## SUPPLIED MATERIAL
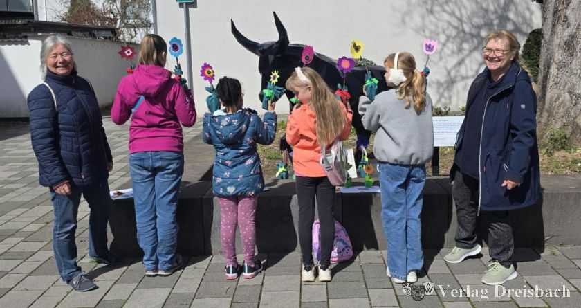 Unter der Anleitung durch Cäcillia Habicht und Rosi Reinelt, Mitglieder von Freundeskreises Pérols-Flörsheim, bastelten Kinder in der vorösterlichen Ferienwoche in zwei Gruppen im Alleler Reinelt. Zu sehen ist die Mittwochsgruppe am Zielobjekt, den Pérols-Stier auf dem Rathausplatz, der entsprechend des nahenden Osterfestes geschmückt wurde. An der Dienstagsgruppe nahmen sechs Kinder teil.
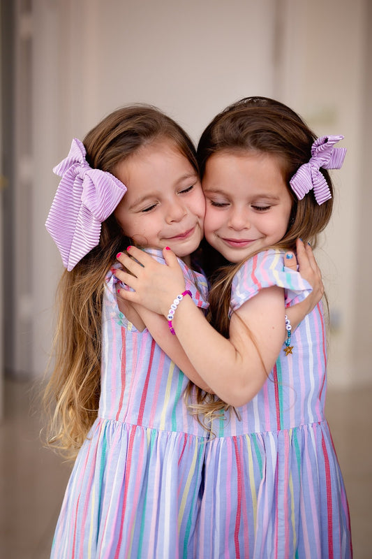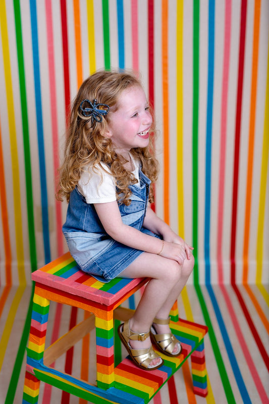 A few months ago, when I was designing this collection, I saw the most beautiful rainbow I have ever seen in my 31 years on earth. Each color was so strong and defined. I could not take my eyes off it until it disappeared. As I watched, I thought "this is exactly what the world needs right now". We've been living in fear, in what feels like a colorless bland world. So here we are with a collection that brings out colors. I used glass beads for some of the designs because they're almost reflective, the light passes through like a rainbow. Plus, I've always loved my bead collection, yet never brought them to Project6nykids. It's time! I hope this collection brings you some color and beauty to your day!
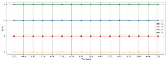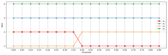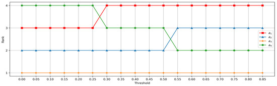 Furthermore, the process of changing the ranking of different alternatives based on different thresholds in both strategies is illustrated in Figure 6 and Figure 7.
==
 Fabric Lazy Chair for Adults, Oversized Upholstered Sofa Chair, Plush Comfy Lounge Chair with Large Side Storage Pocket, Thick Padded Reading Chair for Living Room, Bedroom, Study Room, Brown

## ASSIGNED TASK
Reproduce, exactly and only, the lines of the records above starting at the line with "A few months" and ending at the line with "Furthermore, the process", both included. Leave every picture out.

## RESPONSE TO THIS EXERCISE
 A few months ago, when I was designing this collection, I saw the most beautiful rainbow I have ever seen in my 31 years on earth. Each color was so strong and defined. I could not take my eyes off it until it disappeared. As I watched, I thought "this is exactly what the world needs right now". We've been living in fear, in what feels like a colorless bland world. So here we are with a collection that brings out colors. I used glass beads for some of the designs because they're almost reflective, the light passes through like a rainbow. Plus, I've always loved my bead collection, yet never brought them to Project6nykids. It's time! I hope this collection brings you some color and beauty to your day!
 Furthermore, the process of changing the ranking of different alternatives based on different thresholds in both strategies is illustrated in Figure 6 and Figure 7.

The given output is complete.